Bron: https://www.bertha-dudde.org/nl/proclamation/1528

1528 Houding ten opzichte van de vraag over de goddelijkheid van Jezus

18 juli 1940: Boek 25

Het is de mens altijd vrijgelaten om zich bevestigend of ontkennend in te stellen betreffende de vraag over de goddelijkheid van Jezus. Maar nu zullen de gevolgen van zijn instelling eveneens tegenovergesteld zijn. Het grootste geestelijke succes of de diepste duisternis, dat wil zeggen de meest volledige mislukking in geestelijk opzicht. Alleen deze vraag is doorslaggevend voor de geestelijke staat van de mens, als hij zijn aardse leven beëindigt. Als hij bevestigend staat ten opzichte van de goddelijkheid van Jezus, dan heeft hij ook zijn leven bewust geleefd. Dat wil zeggen, dat hij de kracht en de genaden van het verlossingswerk willens en wetens aangenomen heeft, wat echter onmogelijk is, als hij afwijzend staat ten opzichte van deze vraag.

Alleen God kan kracht uitdelen en steeds alleen de mens, die God erkent, kan in ontvangst nemen. Maar de goddelijke Verlosser heeft door Zijn dood aan het kruis voor de mensen het recht verworven om in directe verbinding te kunnen treden met God Zelf en daardoor dus onbeperkte kracht te kunnen vragen en ontvangen. En deze kracht bevordert de opwaartse ontwikkeling. Het gebruikmaken van het genade- en verlossingswerk is ook de garantie voor het bereiken van een mate van rijpheid van de ziel.

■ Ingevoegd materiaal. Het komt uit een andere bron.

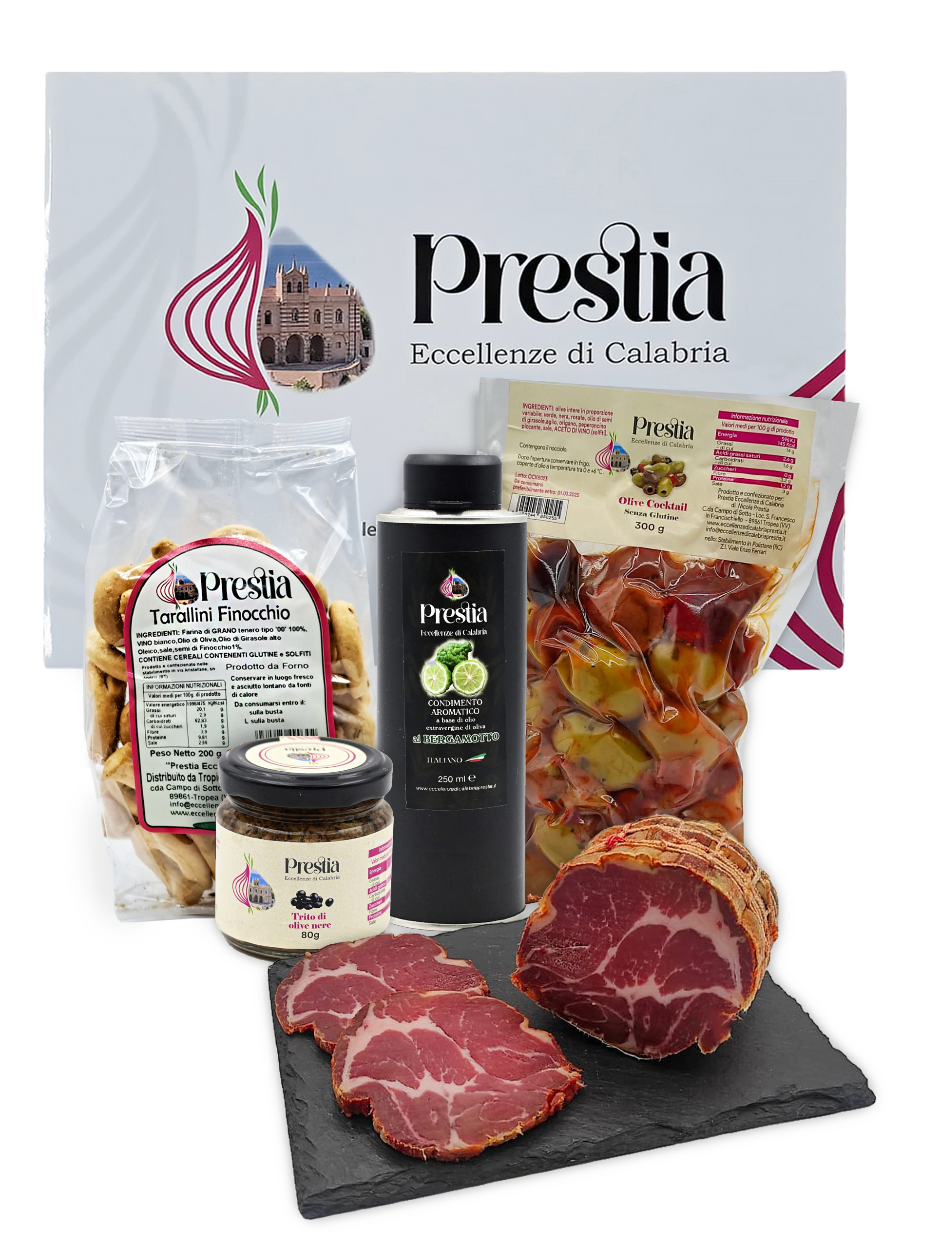 INGREDIENTI: carne di suino, sale, pepe (dolce o piccante). Conservanti E 250, E 252, E 300, spezie e aromi naturali. CONFEZIONAMENTO: Sottovuoto VALORI NUTRIZIONALI (medi per 100 g di prodotto) Energia: kcal 335 – kJ 1394 / Grassi 23 g di cui saturi 9,9 g / Carboidrati 0 g / Zuccheri 0 / Proteine 32 g / Sale 4,0 g

Degene, die geen aanspraak maakt op deze genade, die zowel het verlossingswerk als ook de goddelijke Verlosser Zelf ontkent, moet begrijpelijkerwijs ook op een lage geestelijke trede blijven staan, want het ontbreekt hem aan kracht. Zijn wil is nog door de tegenstander geboeid en zijn macht over hem is zo groot, dat hij uit eigen kracht niet vrij kan komen. Maar de enige hulp wijst hij af en hij aanvaardt niet eens, dat er een Helper is. Hij staat dus nog steeds daar, waar de mensen stonden voor het neerdalen van de Heer. Hij is in het geheel een prooi geworden van de tegenstander en zijn wil is te zeer verzwakt om zich tot God te wenden. En als hij ook de wil zou hebben, dan is de macht van de tegenstander over hem nog niet gebroken en zijn worstelen zou daarom tevergeefs zijn.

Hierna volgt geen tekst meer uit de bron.